The prince, who celebrates his 41st birthday on Monday, denied “that I aired my dirty laundry in public”.

“It was a difficult message, but I did it in the best way possible. My conscience is clear,” he said.

“It is not about revenge, it is about accountability.”

Harry spilled plenty of royal family secrets in Spare, including accusing his stepmother the Queen of leaking to the media, revealing a violent altercation with his brother Prince William and claiming his father put his own interests above Harry’s and was jealous of Harry’s wife, Meghan Markle.

The bombshell book sold more than 1.4 million copies across the US, Canada and Britain combined on its first day of publication in January 2023, publisher Penguin Random House said. It became Britain’s fastest-selling nonfiction book, with 400,000 copies sold in the UK alone on day one.

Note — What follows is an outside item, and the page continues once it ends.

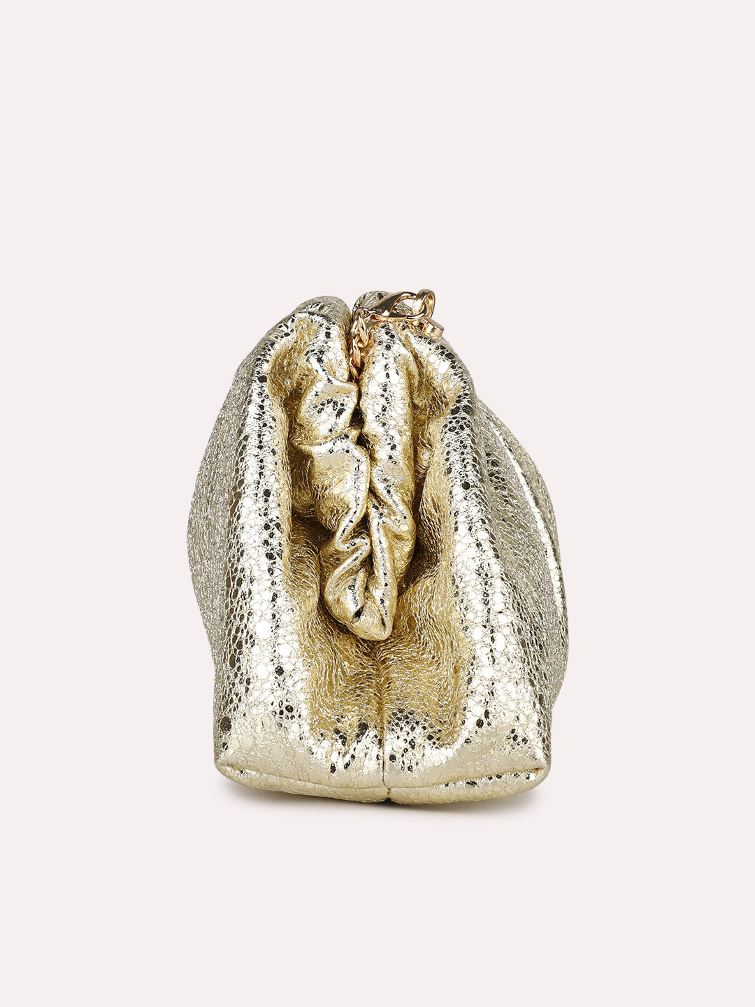 Product description:-Shine at any party with this gold embellished clutch. The twist lock keeps your belongings secure while its glamorous design adds a luxurious touch. |

Sunday’s admission marks the first time Harry has publicly addressed in detail the backlash surrounding his disclosure of the private family information.

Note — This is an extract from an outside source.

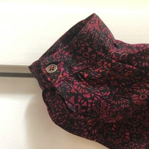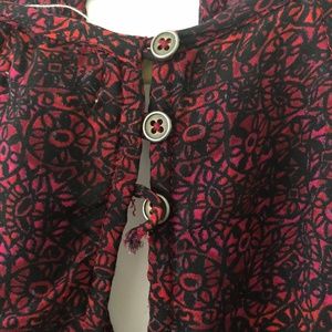 This eggplant colored blouse has beautiful opening details on the décolletage and in the back. Flirty and professional. Three buttons close at the back of neck. The blouse hangs loose and comes up high on neck. The back is open to about half-way down the back. Great top for work. Wear it over a black strapless dress or with slacks. The details are the best part of this item.

In Kyiv, the duke participated in a panel discussion at the National Museum of the History of Ukraine in the Second World War. While there, he paid tribute to “the wives and mothers who keep their loved ones on the straight and narrow, they deserve as much respect as anyone who serves”.

Asked about advice for those leaving military service and who may miss the camaraderie, Harry said: “You will feel lost at times, like you lack purpose, but however dark those days are, there is light at the end of the tunnel.”

“You just need to look for it, because there will always be someone – a mother, father, sibling, friend, or comrade – there to pick you up.”

“Don’t stay silent. Silence will hold you in the dark,” he said.